:: The task ::
A faithful copy is needed of the lines below from the one with "Élu par le Magazine" up to and including the one with "2023年,轻工、纺织行业共"; set it down with no pictures and no other lines.

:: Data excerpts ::
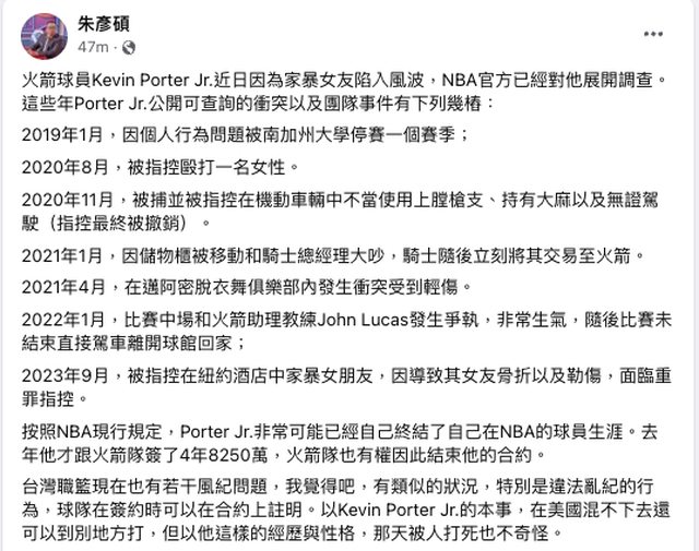 火箭球員Kevin Porter Jr.近日因為家暴女友陷入風波,NBA官方已經對他展開調查。這 些年Porter Jr.公開可查詢的衝突以及團隊事件有下列幾樁: 2019年1月,因個人行為問題被南加州大學停賽一個賽季; 2020年8月,被指控毆打一名女性。 2020年11月,被捕並被指控在機動車輛中不當使用上膛槍支、持有大麻以及無證駕駛(指 控最終被撤銷)。 2021年1月,因儲物櫃被移動和騎士總經理大吵,騎士隨後立刻將其交易至火箭。 2021年4月,在邁阿密脫衣舞俱樂部內發生衝突受到輕傷。 2022年1月,比賽中場和火箭助理教練John Lucas發生爭執,非常生氣,隨後比賽未結束 直接駕車離開球館回家; 2023年9月,被指控在紐約酒店中家暴女朋友,因導致其女友骨折以及勒傷,面臨重罪指 控。 按照NBA現行規定,Porter Jr.非常可能已經自己終結了自己在NBA的球員生涯。去年他才 跟火箭隊簽了4年8250萬,火箭隊也有權因此結束他的合約。 台灣職籃現在也有若干風紀問題,我覺得吧,有類似的狀況,特別是違法亂紀的行為,球 隊在簽約時可以在合約上註明。以Kevin Porter Jr.的本事,在美國混不下去還可以到別 地方打,但以他這樣的經歷與性格,那天被人打死也不奇怪。 備註 有啊,台灣職籃規章都有寫清楚,只是不知何年何月開完會啊 賭博,家暴,砸車,鬥毆都沒定案欸XD -- ※ 發信站: 批踢踢實業坊(www.ptt-site.org.tw), 來自: 114.25.32.51 (臺灣) ※ 文章網址: https://www.ptt-site.org.tw/basketballTW/M.1694586428.A.8D7
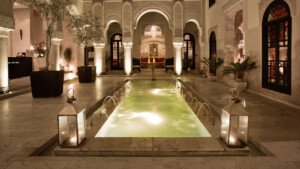 Élu par le Magazine Hôtel & Lodge comme l’un des meilleurs hôtels cosy en 2012, Le Riad Fès est un réel joyau d’authenticité et de la vie noble des familles fassies. Situé au cœur de la médina, ce petit palais hispano-mauresque conserve un charme d’antan, il vous séduira par son architecture flamboyante et par son service étoilé. Vous y trouvez hospitalité marocaine et confort moderne. Vous pouvez se rafraichir sur une piscine ouverte située à l’intérieur du Riad, se détendre dans un Spa by Cinq Monde où vous découvrez une ample de soin sur mesure. Les patios au décor baroque, le bar lounge avec un bassin andalou et les terrasses avec vue imprenables, vous convies tous à gouter un bon moment farniente. L’atmosphère puissante des couleurs chatoyantes, de meubles anciens et de matériaux nobles dans les majestueuses suites et chambres de l’hôtel vous rappellent au raffinement du conte mille et une nuits.
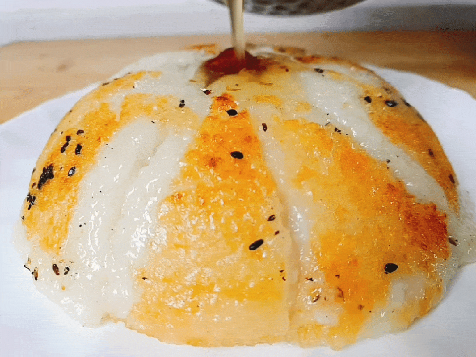 3、熬好的糖浆趁热淋到蒸好的糯米糕上面,香甜软糯好吃的糯米糕就做好了。
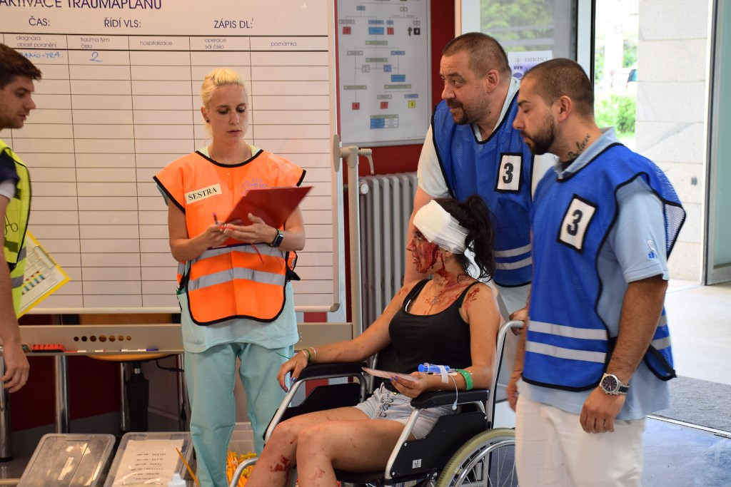Raz, dva, tři, teď - zdravotníci přemisťují zraněného na lůžko. Mezitím sanitky přivážejí další a další zraněné, informace o nich důsledně zapisuje sestra. Ve 14.37 hlásí dispečink Zdravotnické záchranné služby hl. m. Prahy, že jsou všichni zranění již transportováni z místa mimořádné události a kontroluje s kontaktním místem ÚVN, zda souhlasí stavy přepravených zraněných osob do ÚVN. Poslední ze zraněných je ošetřen a odvezen k hospitalizaci na odborné pracoviště krátce před 15. hodinou. V 15.05 nácvik aktivace traumaplánu ÚVN končí. Ještě vše uklidit a pracoviště Emergency přechází opět do běžného režimu.
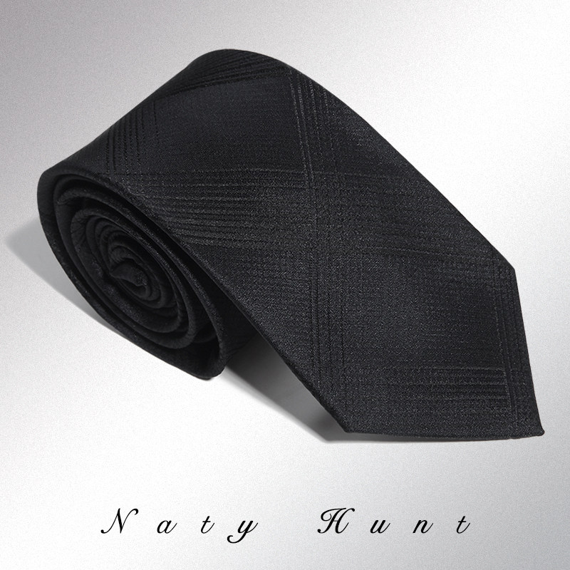 天猫Natyhunt暗蓝格纹桑蚕丝领带男商务正装高端手打免打礼盒装7c窄版
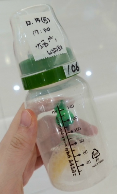 "냉장고에 106호 엄마꺼밖에 없어. 쌍둥이를 낳았어도 다 먹일 수 있었겠어. 엄마가 작은데 모유량이 많네.
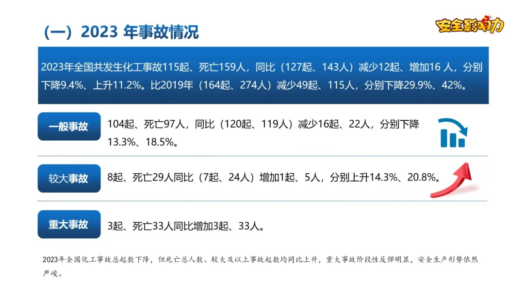 2023年,轻工、纺织行业共发生生产安全事故286起、死亡284人(不含火灾、特种设备、建设工程事故),其中轻工行业发生事故244起、死亡243人,纺织行业发生事故42起、死亡41人。轻工、纺织行业共发生较大事故6起、死亡23人。其中轻工行业5起、死亡20人,纺织行业1起、死亡3人。
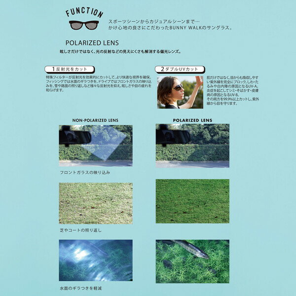 【返品種別A】□「返品種別」について詳しくはこちら□◆ワイドな視界の大きなレンズシェイプ。隙間から入る光を防ぐ、顔に沿うようなフロントデザイン。長時間のフィールドワークでも疲れにくい掛け心地の軽さ。ソフトなラバーモダンや調整可能なノーズパッドで、より快適なフィット感を。日常の紫外線対策からアウトドアまで、様々なシーンでオールマイティに活躍するシンプルで掛けやすいモデル。◆レンズカラー:SMOKE水面やフロントガラス、道路の照り返しなどによるギラつきをカット。眩しさだけを抑えるのではなく、クリアでストレスの無い視界を作りだす偏光レンズ。■ 仕 様 ■フレーム:ナイロン系樹脂レンズ:TAC偏光レンズレンズコート:キズ防止ハードコートレンズカーブ:6カーブサイズ:L可視光線透過率:21%紫外線カット率:99%以上偏光度:99%以上[BW0240FBUNNYWALK]BUNNYWALKアウトドア>フィッシング>ウェア・帽子・靴>アクセサリー
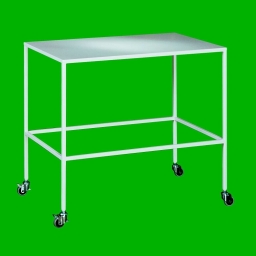Stolik chirurgiczny STL 101 wykonany został z solidnej blachy o grubości 0,8 mm oraz z profili metalowych. Stolik posiada blat o obszernej przestrzeni roboczej, umożliwiając przechowywanie dużej ilości aparatury oraz przyrządów medycznych. Prezentowany model posiada stelaż z prostokątną ramą oraz kółka skrętne, z których dwa wyposażone zostały w blokadę, uniemożliwiające niepożądane przesuwanie stolika. Stolik chirurgiczny STL 101 malowany jest proszkowo na wszystkie 15 kolorów palety Ral. Technologia ta gwarantuje podwyższoną odporność produktu na działanie agresywnego środowiska korozyjnego.
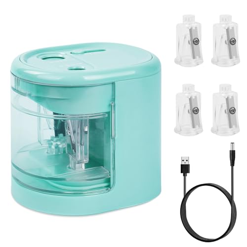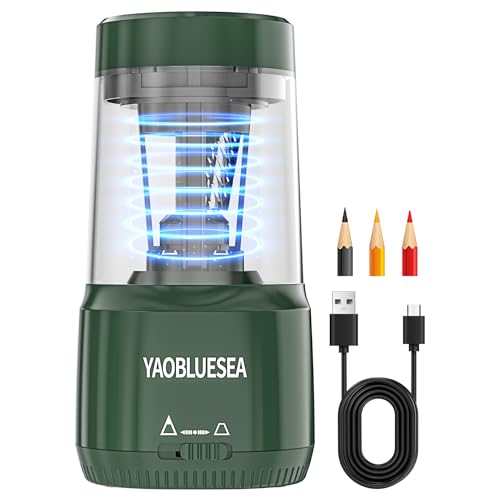 YAOBLUESEA Pennvässare elektrisk USB grön, uppladdningsbar elektrisk pennvässare med stor behållare automatisk stopp för 6–8 mm blyertspennor för skola kontor hushåll
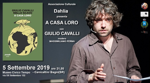 Giovedì 5 Settembre 2019 al Museo Civico Tempo di Canicattini Bagni il secondo appuntamento con l’autore, di scena lo scrittore e attore Giulio Cavalli e il suo “A casa loro” sui temi dell’immigrazione, scritto con il giornalista Nello Scavo
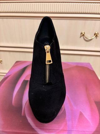 Botines de estilo moderno y versátil. - Diseño de caña baja. - Cierre lateral con cremallera. - Detalle de tirador en la parte trasera. - Tacón de altura media. Tiene como mucho 3 puestas, los pliegues son de estar guardados.
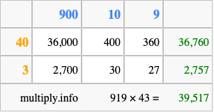 That's all there is to it! As you can see from the box above, the answer to 919 times 43 using the box method is 39,517.
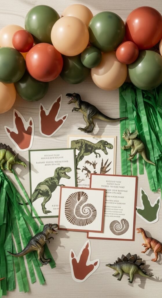 Before guests even arrive at your dinosaur celebration, you’ll want to build excitement with invitations that transport them back 65 million years. Choose dinosaur themed stationery featuring T-Rex silhouettes or fossil prints—I’ve found that kids start getting excited the moment they see that prehistoric imagery.
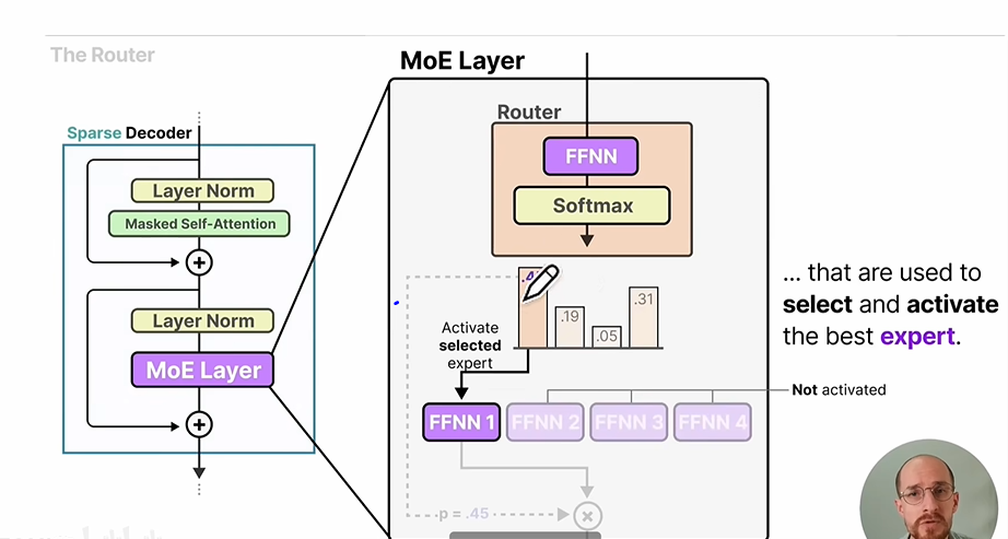 MOE是mixture of experts 的缩写,简单来说,就是把传统transformer结构中decoder层里面的单个线性层替换层多个并列的线性层。在这些线性层前面还有一个Router,Router会选择并列线性层里面的一部分进行计算。这样的话,既能让模型学习更多的知识(多个“专家”),又能减少推理计算量(选择部分“专家”进行计算)。
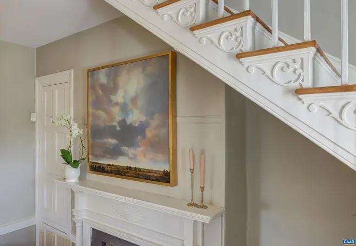 Bel Aire ? Elegant and timeless, this stately 1810 Federal-style residence on 100+/- acres blends historic detail & craftsmanship w/ contemporary livability. The gracious foyer opens to beautifully proportioned formal rooms ? living & dining rooms, complemented by an updated gourmet kitchen flowing seamlessly into a light-filled family room & screen porch overlooking the grounds, creating an inviting space for gathering & entertaining. The first floor guest suite with bath provides privacy & convenience. Upstairs includes a spacious primary bedroom, serene marble bath, additional bedroom & a handsome library. Third floor w/ bedroom, full bath, office or studio space offers abundant versatility. The English basement provides flexible space ideal for game/family room, fitness room, laundry with storage, plus a climate-controlled wine cellar. Throughout the incredible architectural details include heart pine floors, 12-foot ceilings, 8 fireplaces with hand-carved mantles, chair rails & paneled wainscoting. Outdoors enjoy firepit area, stone barn & grounds of open hayfields & woodlands w/ five miles of private walking trails & 3/4 mile Rivanna River frontage. Conservation easement candidate. Convenient to amenities & Univ of VA.,Soapstone Counter,White Cabinets,Fireplace in Basement,Fireplace in Bedroom,Fireplace in Dining Room,Fireplace in Foyer,Fireplace in Living Room,Fireplace in Master Bedroom,Fireplace in Study/Library
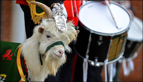 طانوی فوج میں بھرتی ہونیوالا یہ ویلن نامی کم عمر بکرا ہے جسے فرسٹ ویلش رجمنٹ میں بھرتی کیا گیا ہے۔بھرتی کے موقع پر باقاعدہ پاسنگ آؤٹ پریڈ کی گئی جس میں اسکے ساتھ فوجیوں نے بھی حصہ لیا۔برطانوی فوج کی فرسٹ ویلش رجمنٹ میں ایک بکرا بھرتی کرنے کی روایت سترہویں صدی سے چلی آ رہی ہے۔ اسی روایت کو برقرار رکھتے ہوئے ملکہ کی 90ویں سالگرہ پر اس رجمنٹ میں ایک بکرا بھرتی کرنے کی منظوری دی گئی تھی
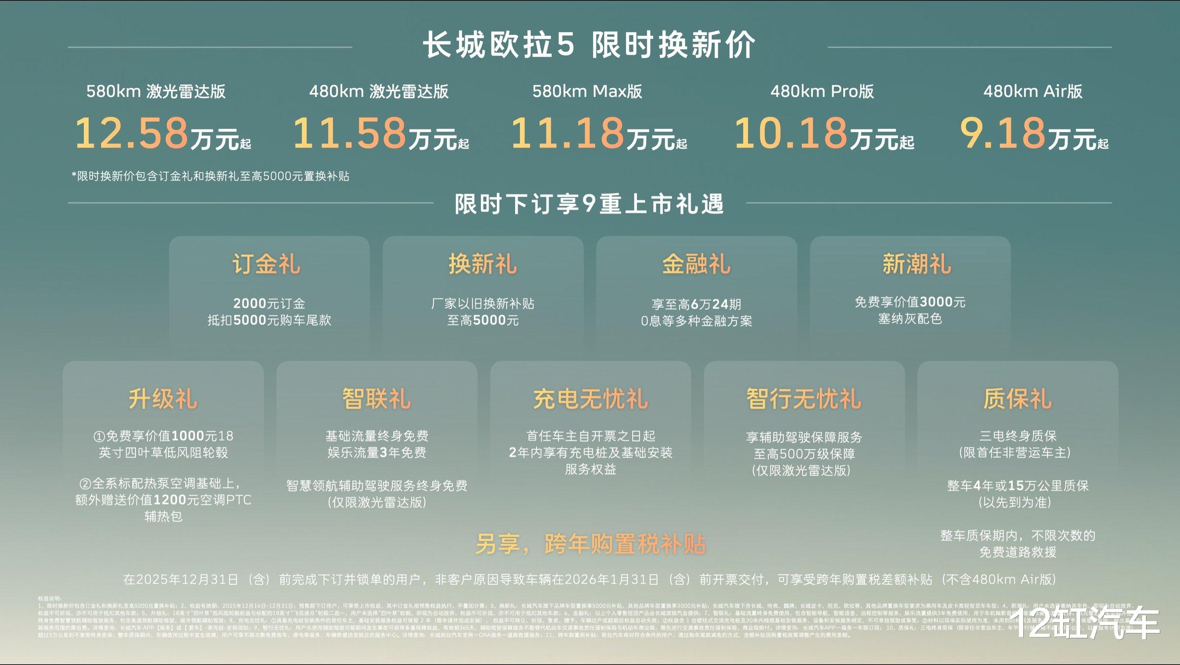 【中国·保定】2025年12月16日——今日,长城汽车欧拉品牌全新A级纯电SUV——长城欧拉5正式上市。新车共推出5款配置,建议零售价区间为 9.98万至13.38万元,限时换新价9.18万元起(限时换新价包含“订金礼”和“换新礼”至高5000元以旧换新补贴)。为回馈广大用户的热爱与支持,即日起至2025年12月31日,用户下订并锁单即可尊享包含订金礼、换新礼、智行无忧礼在内的9重上市好礼,以及跨年购置税补贴(不含480km Air版)等丰厚购车权益。凭借诚意十足的价格权益与越级产品力,长城欧拉5致力于成为全球年轻用户的“严选搭子”。

:: Exercise answer ::
 Élu par le Magazine Hôtel & Lodge comme l’un des meilleurs hôtels cosy en 2012, Le Riad Fès est un réel joyau d’authenticité et de la vie noble des familles fassies. Situé au cœur de la médina, ce petit palais hispano-mauresque conserve un charme d’antan, il vous séduira par son architecture flamboyante et par son service étoilé. Vous y trouvez hospitalité marocaine et confort moderne. Vous pouvez se rafraichir sur une piscine ouverte située à l’intérieur du Riad, se détendre dans un Spa by Cinq Monde où vous découvrez une ample de soin sur mesure. Les patios au décor baroque, le bar lounge avec un bassin andalou et les terrasses avec vue imprenables, vous convies tous à gouter un bon moment farniente. L’atmosphère puissante des couleurs chatoyantes, de meubles anciens et de matériaux nobles dans les majestueuses suites et chambres de l’hôtel vous rappellent au raffinement du conte mille et une nuits.
 3、熬好的糖浆趁热淋到蒸好的糯米糕上面,香甜软糯好吃的糯米糕就做好了。
Raz, dva, tři, teď - zdravotníci přemisťují zraněného na lůžko. Mezitím sanitky přivážejí další a další zraněné, informace o nich důsledně zapisuje sestra. Ve 14.37 hlásí dispečink Zdravotnické záchranné služby hl. m. Prahy, že jsou všichni zranění již transportováni z místa mimořádné události a kontroluje s kontaktním místem ÚVN, zda souhlasí stavy přepravených zraněných osob do ÚVN. Poslední ze zraněných je ošetřen a odvezen k hospitalizaci na odborné pracoviště krátce před 15. hodinou. V 15.05 nácvik aktivace traumaplánu ÚVN končí. Ještě vše uklidit a pracoviště Emergency přechází opět do běžného režimu.
 天猫Natyhunt暗蓝格纹桑蚕丝领带男商务正装高端手打免打礼盒装7c窄版
 "냉장고에 106호 엄마꺼밖에 없어. 쌍둥이를 낳았어도 다 먹일 수 있었겠어. 엄마가 작은데 모유량이 많네.
 2023年,轻工、纺织行业共发生生产安全事故286起、死亡284人(不含火灾、特种设备、建设工程事故),其中轻工行业发生事故244起、死亡243人,纺织行业发生事故42起、死亡41人。轻工、纺织行业共发生较大事故6起、死亡23人。其中轻工行业5起、死亡20人,纺织行业1起、死亡3人。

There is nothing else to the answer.